*ABOUT THIS EXERCISE:*
Reproduce everything from the line that contains "与此同时,公司储能业务迎来高" down to the line that contains "为迎接党的97岁生日,进一步" in the listing below, word for word and nothing more. Leave the pictures out.

*THE DATA:*
-- Opening Marker --

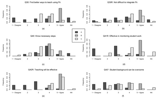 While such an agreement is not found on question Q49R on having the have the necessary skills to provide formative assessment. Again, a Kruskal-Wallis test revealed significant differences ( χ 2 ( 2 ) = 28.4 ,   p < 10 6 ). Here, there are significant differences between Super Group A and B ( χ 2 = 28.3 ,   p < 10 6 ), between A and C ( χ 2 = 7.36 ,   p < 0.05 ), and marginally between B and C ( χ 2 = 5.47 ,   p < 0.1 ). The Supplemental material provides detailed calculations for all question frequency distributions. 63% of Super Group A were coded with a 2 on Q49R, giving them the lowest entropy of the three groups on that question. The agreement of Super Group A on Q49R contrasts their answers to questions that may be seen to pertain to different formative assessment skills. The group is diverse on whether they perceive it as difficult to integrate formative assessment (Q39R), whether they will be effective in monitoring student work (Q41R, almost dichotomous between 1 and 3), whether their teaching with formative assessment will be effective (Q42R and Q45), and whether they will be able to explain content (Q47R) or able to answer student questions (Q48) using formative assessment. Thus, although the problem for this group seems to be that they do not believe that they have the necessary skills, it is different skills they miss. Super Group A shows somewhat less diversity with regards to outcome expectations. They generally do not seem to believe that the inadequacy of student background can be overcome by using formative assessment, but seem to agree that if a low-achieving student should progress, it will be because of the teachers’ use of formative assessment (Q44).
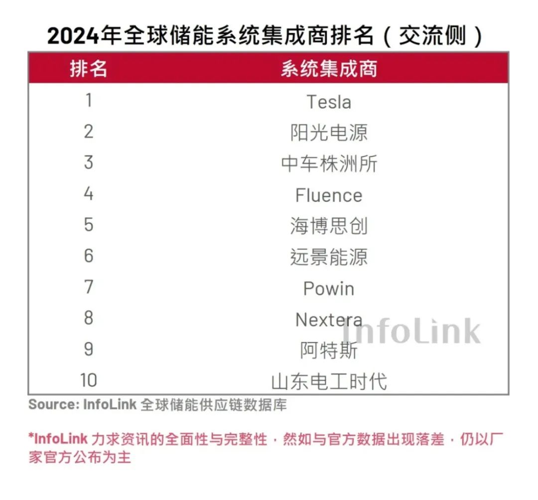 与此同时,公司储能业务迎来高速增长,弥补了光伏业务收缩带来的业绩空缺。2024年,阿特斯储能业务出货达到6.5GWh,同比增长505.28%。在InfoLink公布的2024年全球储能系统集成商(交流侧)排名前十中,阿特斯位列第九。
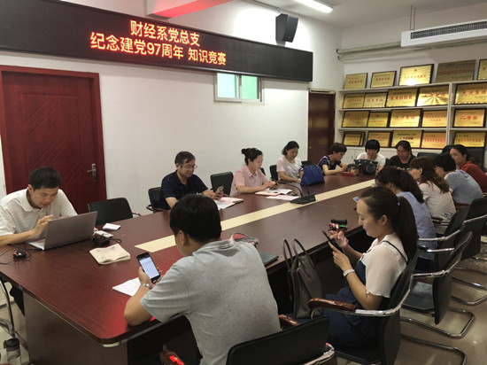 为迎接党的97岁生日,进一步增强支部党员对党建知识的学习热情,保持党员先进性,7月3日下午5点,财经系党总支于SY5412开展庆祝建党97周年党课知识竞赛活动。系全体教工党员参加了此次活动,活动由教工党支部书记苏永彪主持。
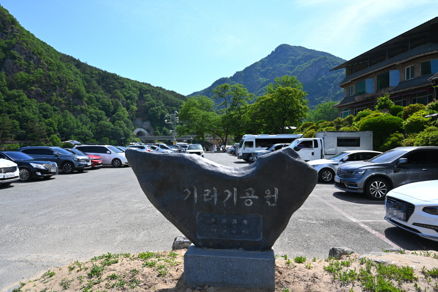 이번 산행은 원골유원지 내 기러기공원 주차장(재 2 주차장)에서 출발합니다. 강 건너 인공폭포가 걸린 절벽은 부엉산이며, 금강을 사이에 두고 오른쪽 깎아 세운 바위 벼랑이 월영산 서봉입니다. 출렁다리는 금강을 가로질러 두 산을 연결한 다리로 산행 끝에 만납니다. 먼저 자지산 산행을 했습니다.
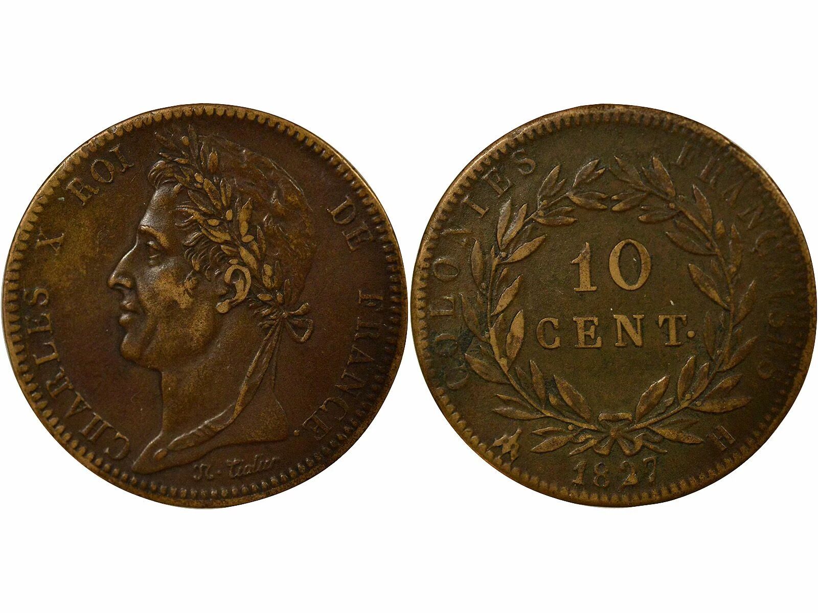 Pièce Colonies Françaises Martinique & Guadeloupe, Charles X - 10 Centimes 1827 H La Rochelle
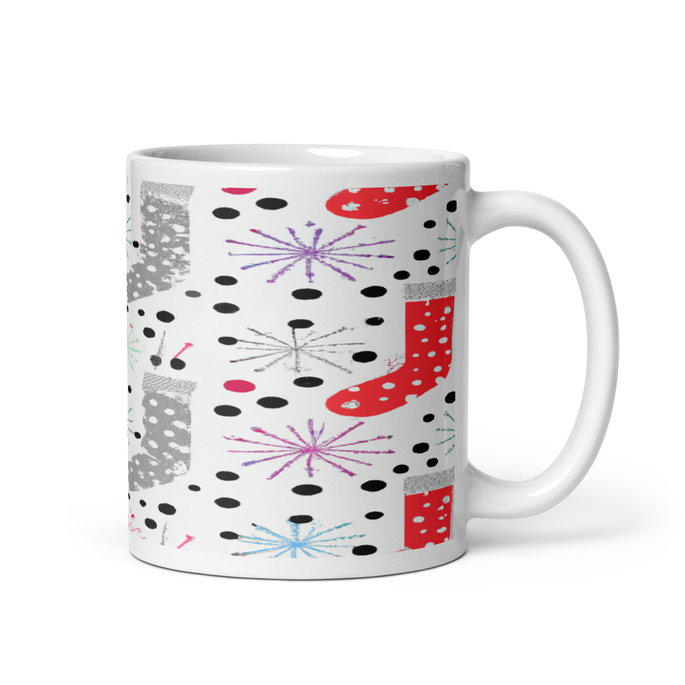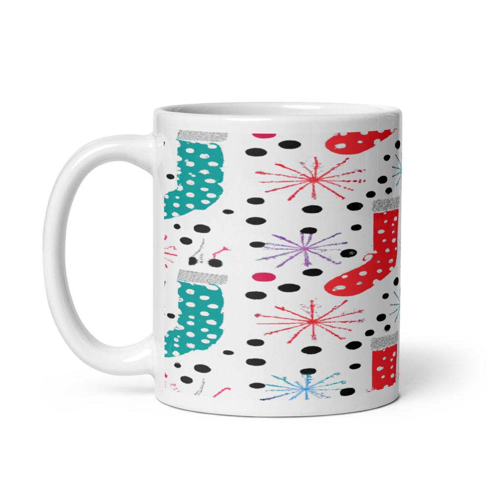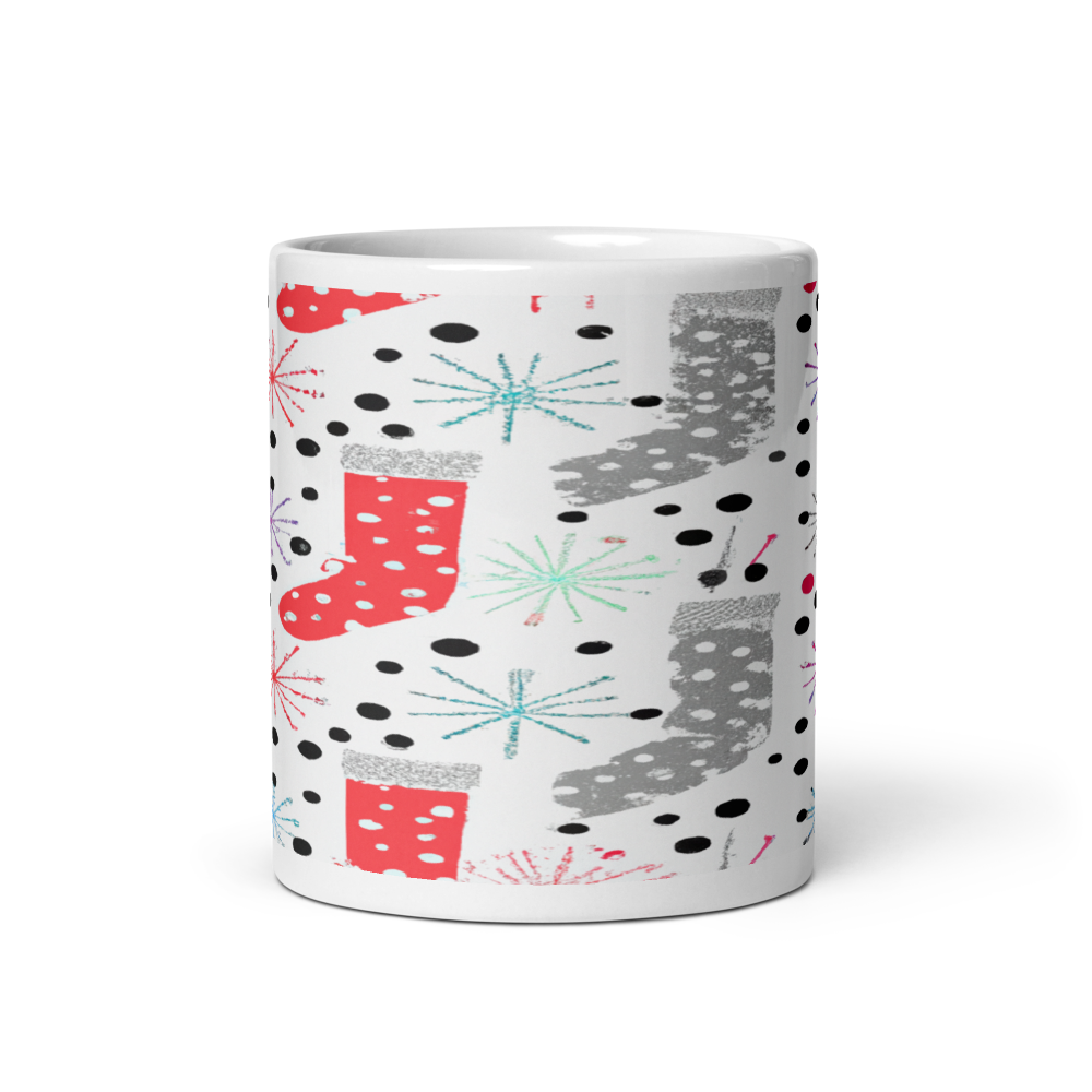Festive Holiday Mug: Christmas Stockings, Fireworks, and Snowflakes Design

-- Closing Marker --

*RESULT:*
 与此同时,公司储能业务迎来高速增长,弥补了光伏业务收缩带来的业绩空缺。2024年,阿特斯储能业务出货达到6.5GWh,同比增长505.28%。在InfoLink公布的2024年全球储能系统集成商(交流侧)排名前十中,阿特斯位列第九。
 为迎接党的97岁生日,进一步增强支部党员对党建知识的学习热情,保持党员先进性,7月3日下午5点,财经系党总支于SY5412开展庆祝建党97周年党课知识竞赛活动。系全体教工党员参加了此次活动,活动由教工党支部书记苏永彪主持。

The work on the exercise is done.